> _ASSIGNMENT_: Retype only what runs from the line that contains "всестороннего детского развития." through the last line of the listing below, both lines included.
──────── INFORMATION SUPPLIED ────────
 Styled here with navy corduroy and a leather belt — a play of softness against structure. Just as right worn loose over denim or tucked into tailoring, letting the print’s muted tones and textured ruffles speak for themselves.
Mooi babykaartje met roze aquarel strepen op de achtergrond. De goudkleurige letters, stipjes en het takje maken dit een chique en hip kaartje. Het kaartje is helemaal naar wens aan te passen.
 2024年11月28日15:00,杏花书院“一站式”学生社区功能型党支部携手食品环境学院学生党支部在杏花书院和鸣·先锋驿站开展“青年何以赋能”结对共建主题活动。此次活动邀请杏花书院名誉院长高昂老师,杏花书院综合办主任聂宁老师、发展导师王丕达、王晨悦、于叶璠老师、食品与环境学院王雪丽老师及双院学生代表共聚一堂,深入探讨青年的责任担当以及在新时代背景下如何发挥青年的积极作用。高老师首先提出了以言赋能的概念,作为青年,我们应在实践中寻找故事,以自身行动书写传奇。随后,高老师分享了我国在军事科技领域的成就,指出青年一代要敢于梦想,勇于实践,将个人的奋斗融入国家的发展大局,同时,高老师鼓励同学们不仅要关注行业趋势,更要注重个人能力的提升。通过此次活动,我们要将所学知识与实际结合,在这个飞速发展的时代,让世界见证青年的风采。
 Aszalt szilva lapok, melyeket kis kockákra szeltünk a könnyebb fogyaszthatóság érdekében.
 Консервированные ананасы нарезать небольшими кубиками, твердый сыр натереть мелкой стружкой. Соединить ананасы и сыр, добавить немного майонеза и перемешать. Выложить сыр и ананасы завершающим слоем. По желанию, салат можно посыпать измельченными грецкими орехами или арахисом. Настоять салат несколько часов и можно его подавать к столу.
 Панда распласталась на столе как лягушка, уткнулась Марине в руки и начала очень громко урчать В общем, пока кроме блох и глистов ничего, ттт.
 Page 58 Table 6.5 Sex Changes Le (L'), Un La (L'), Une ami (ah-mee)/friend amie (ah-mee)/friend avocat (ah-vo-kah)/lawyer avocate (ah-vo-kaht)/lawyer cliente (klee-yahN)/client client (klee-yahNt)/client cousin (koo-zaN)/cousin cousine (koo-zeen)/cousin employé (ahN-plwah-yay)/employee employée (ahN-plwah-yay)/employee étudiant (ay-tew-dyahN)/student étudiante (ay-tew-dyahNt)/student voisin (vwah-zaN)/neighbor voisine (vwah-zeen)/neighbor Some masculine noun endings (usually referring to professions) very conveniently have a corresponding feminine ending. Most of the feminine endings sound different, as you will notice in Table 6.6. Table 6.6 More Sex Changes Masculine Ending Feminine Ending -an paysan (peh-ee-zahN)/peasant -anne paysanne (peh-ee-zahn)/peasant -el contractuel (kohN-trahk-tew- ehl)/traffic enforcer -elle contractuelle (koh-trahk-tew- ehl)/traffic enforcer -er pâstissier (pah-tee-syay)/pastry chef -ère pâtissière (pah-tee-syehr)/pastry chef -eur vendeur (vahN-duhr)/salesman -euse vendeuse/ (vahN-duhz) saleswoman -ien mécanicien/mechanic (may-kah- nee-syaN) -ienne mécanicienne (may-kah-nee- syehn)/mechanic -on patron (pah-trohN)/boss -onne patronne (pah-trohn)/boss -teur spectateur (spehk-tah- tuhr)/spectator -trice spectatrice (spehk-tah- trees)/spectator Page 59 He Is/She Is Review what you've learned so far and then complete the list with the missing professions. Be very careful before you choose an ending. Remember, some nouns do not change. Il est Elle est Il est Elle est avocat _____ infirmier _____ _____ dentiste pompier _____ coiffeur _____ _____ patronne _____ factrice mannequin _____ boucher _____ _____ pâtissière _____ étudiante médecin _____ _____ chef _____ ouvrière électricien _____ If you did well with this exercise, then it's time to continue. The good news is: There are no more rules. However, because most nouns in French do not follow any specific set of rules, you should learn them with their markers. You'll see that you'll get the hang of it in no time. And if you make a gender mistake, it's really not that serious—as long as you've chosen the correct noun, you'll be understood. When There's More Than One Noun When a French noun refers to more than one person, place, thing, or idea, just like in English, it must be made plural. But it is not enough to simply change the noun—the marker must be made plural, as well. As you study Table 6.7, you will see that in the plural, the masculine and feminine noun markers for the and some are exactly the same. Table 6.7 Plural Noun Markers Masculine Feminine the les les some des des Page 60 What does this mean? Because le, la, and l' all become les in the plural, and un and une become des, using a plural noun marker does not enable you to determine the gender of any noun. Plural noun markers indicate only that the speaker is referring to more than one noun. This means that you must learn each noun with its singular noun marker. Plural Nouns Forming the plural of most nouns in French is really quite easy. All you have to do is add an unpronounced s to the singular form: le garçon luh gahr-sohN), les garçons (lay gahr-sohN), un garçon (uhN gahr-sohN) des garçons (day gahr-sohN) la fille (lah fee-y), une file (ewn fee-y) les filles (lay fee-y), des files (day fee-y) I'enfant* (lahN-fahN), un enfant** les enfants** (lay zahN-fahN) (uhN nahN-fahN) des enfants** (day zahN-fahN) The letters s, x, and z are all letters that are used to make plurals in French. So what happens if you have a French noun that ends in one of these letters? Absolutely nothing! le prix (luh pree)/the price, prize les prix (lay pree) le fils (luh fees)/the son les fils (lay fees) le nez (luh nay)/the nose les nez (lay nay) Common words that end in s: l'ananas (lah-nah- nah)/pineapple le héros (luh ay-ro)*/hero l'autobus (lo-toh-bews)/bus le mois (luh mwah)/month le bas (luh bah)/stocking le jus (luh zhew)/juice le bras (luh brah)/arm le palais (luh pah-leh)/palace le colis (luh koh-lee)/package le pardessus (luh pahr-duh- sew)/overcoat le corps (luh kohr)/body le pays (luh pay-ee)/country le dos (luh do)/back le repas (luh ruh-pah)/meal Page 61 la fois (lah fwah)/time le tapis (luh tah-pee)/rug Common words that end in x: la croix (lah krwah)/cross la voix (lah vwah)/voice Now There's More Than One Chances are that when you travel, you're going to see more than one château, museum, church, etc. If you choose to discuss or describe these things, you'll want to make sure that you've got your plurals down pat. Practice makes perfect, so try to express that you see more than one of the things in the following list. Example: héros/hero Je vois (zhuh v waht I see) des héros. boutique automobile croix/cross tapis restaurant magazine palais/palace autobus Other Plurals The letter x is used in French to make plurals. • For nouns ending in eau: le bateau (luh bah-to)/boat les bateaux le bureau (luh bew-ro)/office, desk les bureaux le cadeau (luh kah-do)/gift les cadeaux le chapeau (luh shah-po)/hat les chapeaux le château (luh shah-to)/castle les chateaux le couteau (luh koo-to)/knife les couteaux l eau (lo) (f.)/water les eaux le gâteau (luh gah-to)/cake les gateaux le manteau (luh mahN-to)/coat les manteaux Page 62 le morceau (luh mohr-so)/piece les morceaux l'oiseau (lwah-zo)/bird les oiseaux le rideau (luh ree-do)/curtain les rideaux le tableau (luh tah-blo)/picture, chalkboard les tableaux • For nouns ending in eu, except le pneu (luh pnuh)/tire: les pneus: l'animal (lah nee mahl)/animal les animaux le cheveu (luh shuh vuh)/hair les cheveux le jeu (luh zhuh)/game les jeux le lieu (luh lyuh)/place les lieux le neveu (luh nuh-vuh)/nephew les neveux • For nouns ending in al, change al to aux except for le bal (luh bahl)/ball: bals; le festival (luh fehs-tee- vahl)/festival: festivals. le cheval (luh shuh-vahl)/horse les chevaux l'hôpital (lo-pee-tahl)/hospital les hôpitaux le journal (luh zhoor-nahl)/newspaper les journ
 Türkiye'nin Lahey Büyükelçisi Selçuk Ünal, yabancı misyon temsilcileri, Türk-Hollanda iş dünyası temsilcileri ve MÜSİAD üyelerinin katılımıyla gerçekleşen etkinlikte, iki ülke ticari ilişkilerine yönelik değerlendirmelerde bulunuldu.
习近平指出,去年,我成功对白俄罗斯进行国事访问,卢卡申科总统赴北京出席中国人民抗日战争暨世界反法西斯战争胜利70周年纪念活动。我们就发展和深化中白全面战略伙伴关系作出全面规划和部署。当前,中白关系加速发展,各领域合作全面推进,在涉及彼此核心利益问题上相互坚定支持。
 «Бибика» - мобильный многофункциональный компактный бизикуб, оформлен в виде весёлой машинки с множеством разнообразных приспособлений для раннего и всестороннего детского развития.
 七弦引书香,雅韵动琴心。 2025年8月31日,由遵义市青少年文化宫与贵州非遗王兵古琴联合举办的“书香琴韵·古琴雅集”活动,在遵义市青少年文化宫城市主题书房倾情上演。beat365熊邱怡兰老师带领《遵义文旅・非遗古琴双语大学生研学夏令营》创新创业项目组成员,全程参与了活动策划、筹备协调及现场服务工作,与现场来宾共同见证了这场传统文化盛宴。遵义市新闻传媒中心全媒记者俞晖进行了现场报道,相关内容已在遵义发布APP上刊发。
────────
> _WRITTEN ANSWER_:
 «Бибика» - мобильный многофункциональный компактный бизикуб, оформлен в виде весёлой машинки с множеством разнообразных приспособлений для раннего и всестороннего детского развития.
 七弦引书香,雅韵动琴心。 2025年8月31日,由遵义市青少年文化宫与贵州非遗王兵古琴联合举办的“书香琴韵·古琴雅集”活动,在遵义市青少年文化宫城市主题书房倾情上演。beat365熊邱怡兰老师带领《遵义文旅・非遗古琴双语大学生研学夏令营》创新创业项目组成员,全程参与了活动策划、筹备协调及现场服务工作,与现场来宾共同见证了这场传统文化盛宴。遵义市新闻传媒中心全媒记者俞晖进行了现场报道,相关内容已在遵义发布APP上刊发。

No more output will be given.